There were a number of great observations flying around the twitter verse during the conference but two bear repeating:
#monkigras is a new kind of conference where the participants are equal to the top calibre speakers
— alexis richardson (@monadic) February 2, 2012
And from Matt Lemay, one of the speakers:
Unsurprisingly, @monkigras was a tremendous success. This will be the future model for many, many tech conferences. This is a *moment*.

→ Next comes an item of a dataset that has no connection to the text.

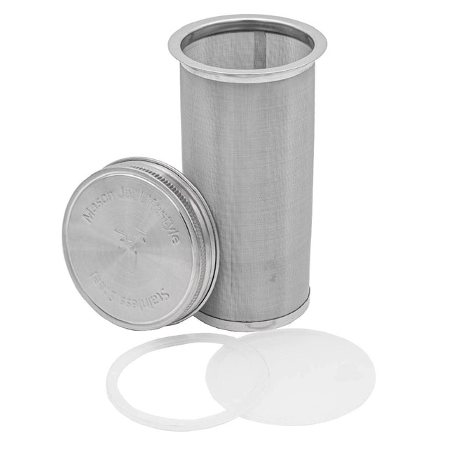 This system includes: --One heavy duty, very fine mesh, dutch weave stainless steel filter that fits a wide mouth (3″ internal diameter) Mason jar. --Two different silicone seals (use one at a time) --One wide mouth stainless steel lid to make everything leak proof and dishwasher safe. Use it to make cold brew coffee or iced coffee concentrate, hot or iced tea, nut milk, infused water or alcohol, or to filter or strain any liquid – all right in the jar! Scroll down for recipes. 2 sizes available to fit Wide Mouth Mason jars:  --Quart filter for 32oz or 24oz (Quart & Half) Wide Mouth jars --Half Gallon filter for 64oz Wide Mouth jars Use this filter system to make delicious cold brewed coffee and steep loose leaf tea for the perfect, smooth beverage any time of year! Coffee and tea made through this system is good for you and the environment.  Directions: For brewing and steeping: Only use the "wrap around" silicone seal that seals both sides of the metal filter (against glass and lid). This seal is optional if you keep the jar upright. Cold Brew Coffee - To make cold brew coffee concentrate, fill the filter tube about 3/4 full with coarse ground coffee, to allow for swelling. Pour in cold water to fill jar and allow it sit on your counter or in your fridge for 24 hours. Loose Leaf Tea - To steep loose leaf tea, combine 1-2 teaspoons of your favorite tea with 6-8 oz of cold water and place in fridge. Steep white or green tea for 6 to 8 hours; steep black or oolong tea for 8 to 12 hours depending on desired strength. Hot Coffee or Tea - You can also use this filter to make hot coffee and tea. Put the grounds or leaves in the filter, pour in 200 degree water, and wait a few minutes. Once brewing/steeping is complete, remove the filter, dump grounds/leaves into your compost, pour over ice, add your favorite coffee/tea additions and enjoy! For storing: Keep your brewed coffee and tea in your Mason jar fresh and leak proof with the other silicone seal and stainless steel lid included. Helpful tips: Be sure you use coarse ground coffee! A higher quality coffee grinder will give you a more consistent coarse grind. Cheaper grinders produce a mix of coarse all the way down to powdery grinds.  The cold brew coffee concentrate will be strong, so you may need to dilute it. Serve it hot or over ice, add sugar or dairy, or any other way you like! To make a more concentrated version, use more coffee grounds or steep for longer. Cold brew coffee is commonly made very strong and diluted at serving time. They are 10cm, 15cm, and 21cm tall. The mesh part is 7cm in diameter. The mesh is 50 micron dutch weave. All parts are dishwasher safe, and I find this the easiest way to clean them.

— Matt LeMay (@mattlemay) February 1, 2012
And therein lies the challenge. It was the perfect size at ~150 people. It wasn't an invite only event so there was a wonderful mix of people. Smaller would have been fine, but bigger and it will lose some of the sense of intimacy and informality that makes the side conversations easy and important. (One person observed that the U.S. event last Fall was more interactive. I've heard of that difference between the U.S. and UK at similar sized events in the past.) I believe James Governor did design the agenda, asking speakers to give specific talks and I've seen this work really well before (Transfer Summit/UK) at bringing an underlying sense of coherency to a small conference. It certainly worked brilliantly well at Monki Gras. Pairing the event with craft beer and craft coffee also worked in ways I didn't imagine.
All in all, a brilliant conference. Redmonk hopes to have all the filmed talks online soon, and I'll update a link as it becomes available.
Update [15 Feb 2012]: I have also written about three perspectives on the care and feeding of development communities on Network World based on three talks given at the conference.